_Records from a dataset_
+ + + + +

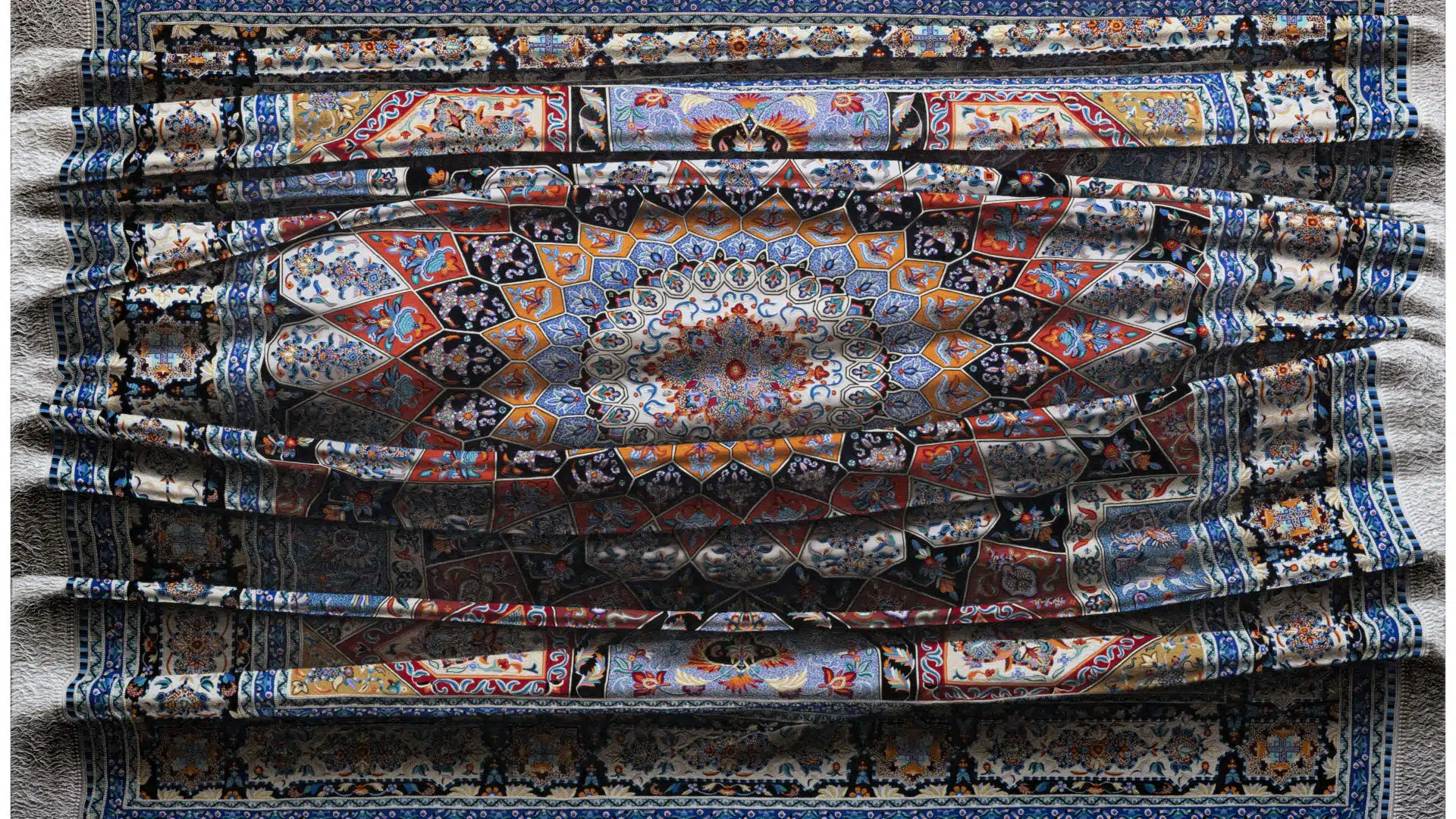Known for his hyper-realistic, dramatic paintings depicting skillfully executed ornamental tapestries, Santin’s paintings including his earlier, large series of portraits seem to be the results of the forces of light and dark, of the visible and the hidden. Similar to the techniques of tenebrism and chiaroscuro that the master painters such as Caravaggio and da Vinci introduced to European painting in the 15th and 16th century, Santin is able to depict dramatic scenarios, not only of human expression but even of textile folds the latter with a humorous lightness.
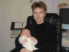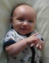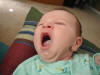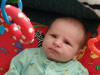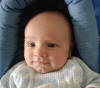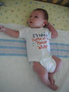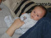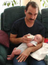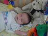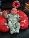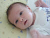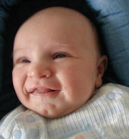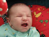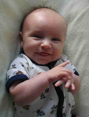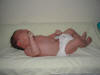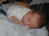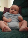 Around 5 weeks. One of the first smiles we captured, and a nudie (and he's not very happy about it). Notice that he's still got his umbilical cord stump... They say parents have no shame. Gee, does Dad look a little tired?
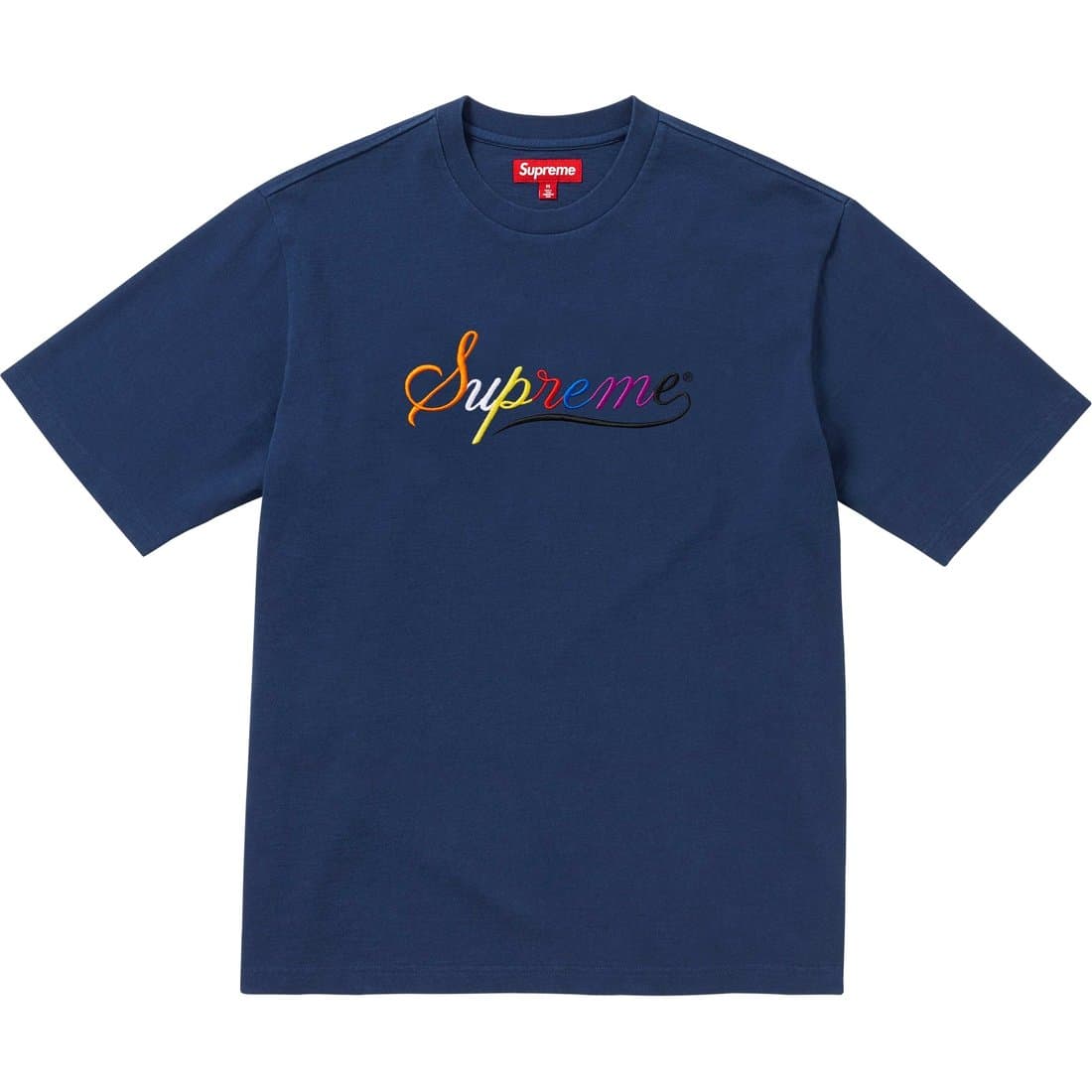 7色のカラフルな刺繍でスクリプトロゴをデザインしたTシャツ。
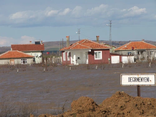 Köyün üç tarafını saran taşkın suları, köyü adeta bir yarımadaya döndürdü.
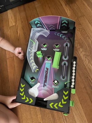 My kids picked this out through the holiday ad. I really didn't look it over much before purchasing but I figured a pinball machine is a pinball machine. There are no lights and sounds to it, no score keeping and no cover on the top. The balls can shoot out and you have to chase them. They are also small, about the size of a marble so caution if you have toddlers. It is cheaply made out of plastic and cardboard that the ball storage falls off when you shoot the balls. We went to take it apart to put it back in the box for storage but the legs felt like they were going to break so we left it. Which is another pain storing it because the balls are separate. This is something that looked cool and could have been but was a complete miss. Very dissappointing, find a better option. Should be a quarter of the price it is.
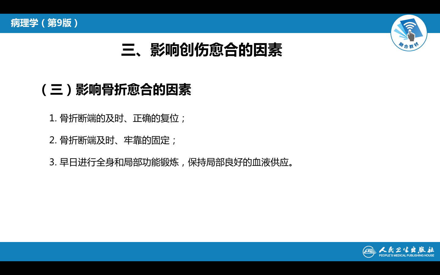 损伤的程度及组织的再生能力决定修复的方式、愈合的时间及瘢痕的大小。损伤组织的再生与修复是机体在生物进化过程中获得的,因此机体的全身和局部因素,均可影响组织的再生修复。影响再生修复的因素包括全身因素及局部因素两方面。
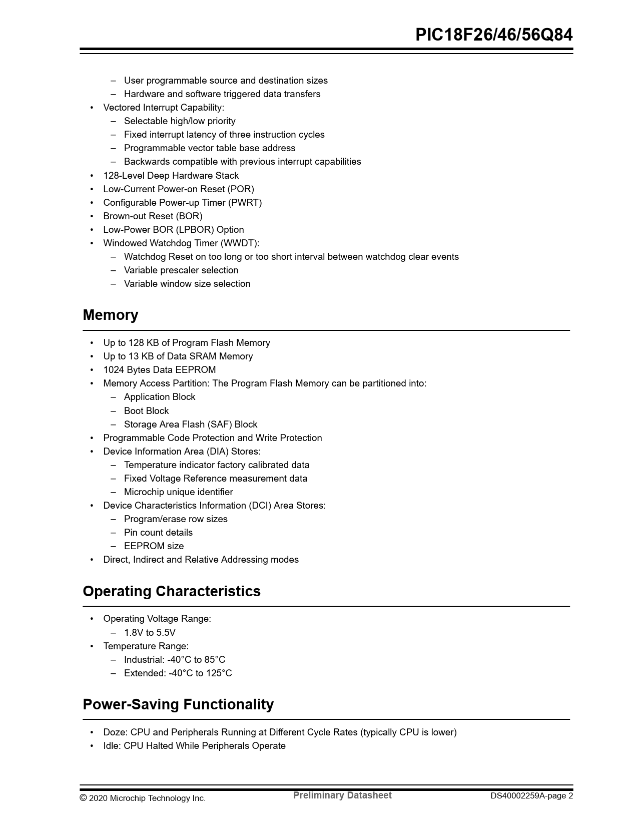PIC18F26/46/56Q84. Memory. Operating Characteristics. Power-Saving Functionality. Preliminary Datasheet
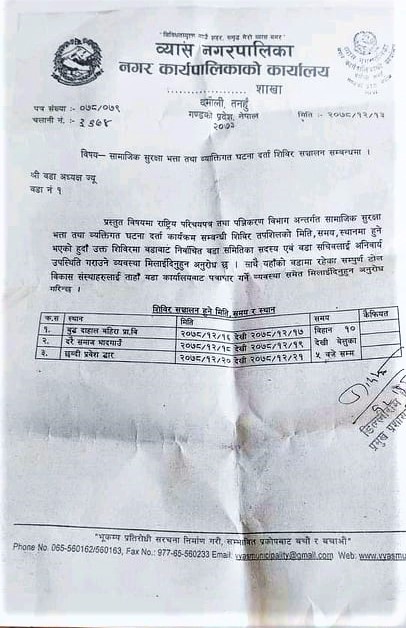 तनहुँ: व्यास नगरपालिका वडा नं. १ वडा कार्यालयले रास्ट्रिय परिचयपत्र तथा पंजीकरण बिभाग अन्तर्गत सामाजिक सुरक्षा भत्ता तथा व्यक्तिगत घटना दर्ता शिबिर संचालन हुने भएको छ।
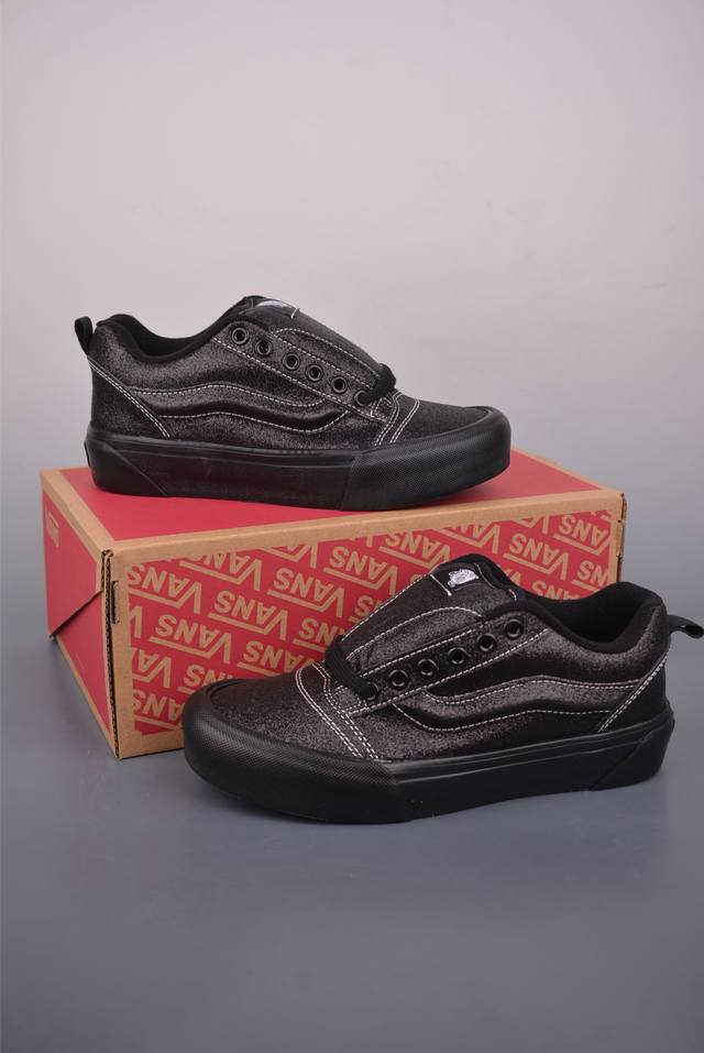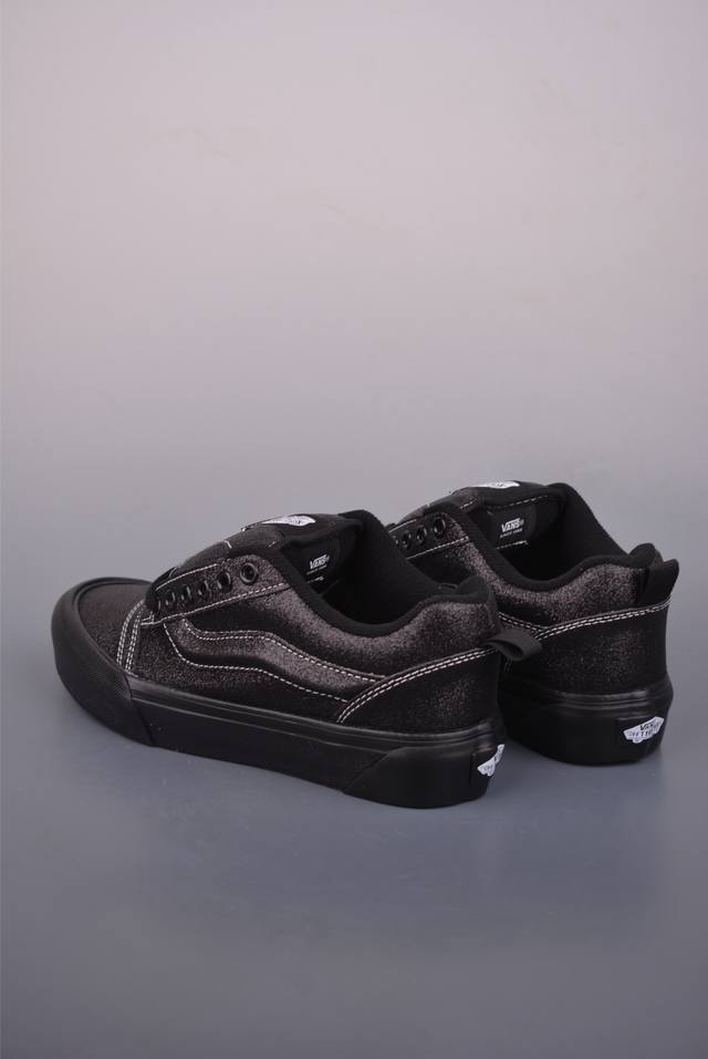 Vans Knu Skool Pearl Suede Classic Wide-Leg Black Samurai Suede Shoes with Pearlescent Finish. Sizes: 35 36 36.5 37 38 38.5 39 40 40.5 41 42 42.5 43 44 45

+ + + + +

_What to do_
Repeat each entry exactly as it appears; skip any picture.

_Answer to this exercise_
Known for his hyper-realistic, dramatic paintings depicting skillfully executed ornamental tapestries, Santin’s paintings including his earlier, large series of portraits seem to be the results of the forces of light and dark, of the visible and the hidden. Similar to the techniques of tenebrism and chiaroscuro that the master painters such as Caravaggio and da Vinci introduced to European painting in the 15th and 16th century, Santin is able to depict dramatic scenarios, not only of human expression but even of textile folds the latter with a humorous lightness.
 Around 5 weeks. One of the first smiles we captured, and a nudie (and he's not very happy about it). Notice that he's still got his umbilical cord stump... They say parents have no shame. Gee, does Dad look a little tired?
 7色のカラフルな刺繍でスクリプトロゴをデザインしたTシャツ。
 Köyün üç tarafını saran taşkın suları, köyü adeta bir yarımadaya döndürdü.
 My kids picked this out through the holiday ad. I really didn't look it over much before purchasing but I figured a pinball machine is a pinball machine. There are no lights and sounds to it, no score keeping and no cover on the top. The balls can shoot out and you have to chase them. They are also small, about the size of a marble so caution if you have toddlers. It is cheaply made out of plastic and cardboard that the ball storage falls off when you shoot the balls. We went to take it apart to put it back in the box for storage but the legs felt like they were going to break so we left it. Which is another pain storing it because the balls are separate. This is something that looked cool and could have been but was a complete miss. Very dissappointing, find a better option. Should be a quarter of the price it is.
 损伤的程度及组织的再生能力决定修复的方式、愈合的时间及瘢痕的大小。损伤组织的再生与修复是机体在生物进化过程中获得的,因此机体的全身和局部因素,均可影响组织的再生修复。影响再生修复的因素包括全身因素及局部因素两方面。
PIC18F26/46/56Q84. Memory. Operating Characteristics. Power-Saving Functionality. Preliminary Datasheet
 तनहुँ: व्यास नगरपालिका वडा नं. १ वडा कार्यालयले रास्ट्रिय परिचयपत्र तथा पंजीकरण बिभाग अन्तर्गत सामाजिक सुरक्षा भत्ता तथा व्यक्तिगत घटना दर्ता शिबिर संचालन हुने भएको छ।
 Vans Knu Skool Pearl Suede Classic Wide-Leg Black Samurai Suede Shoes with Pearlescent Finish. Sizes: 35 36 36.5 37 38 38.5 39 40 40.5 41 42 42.5 43 44 45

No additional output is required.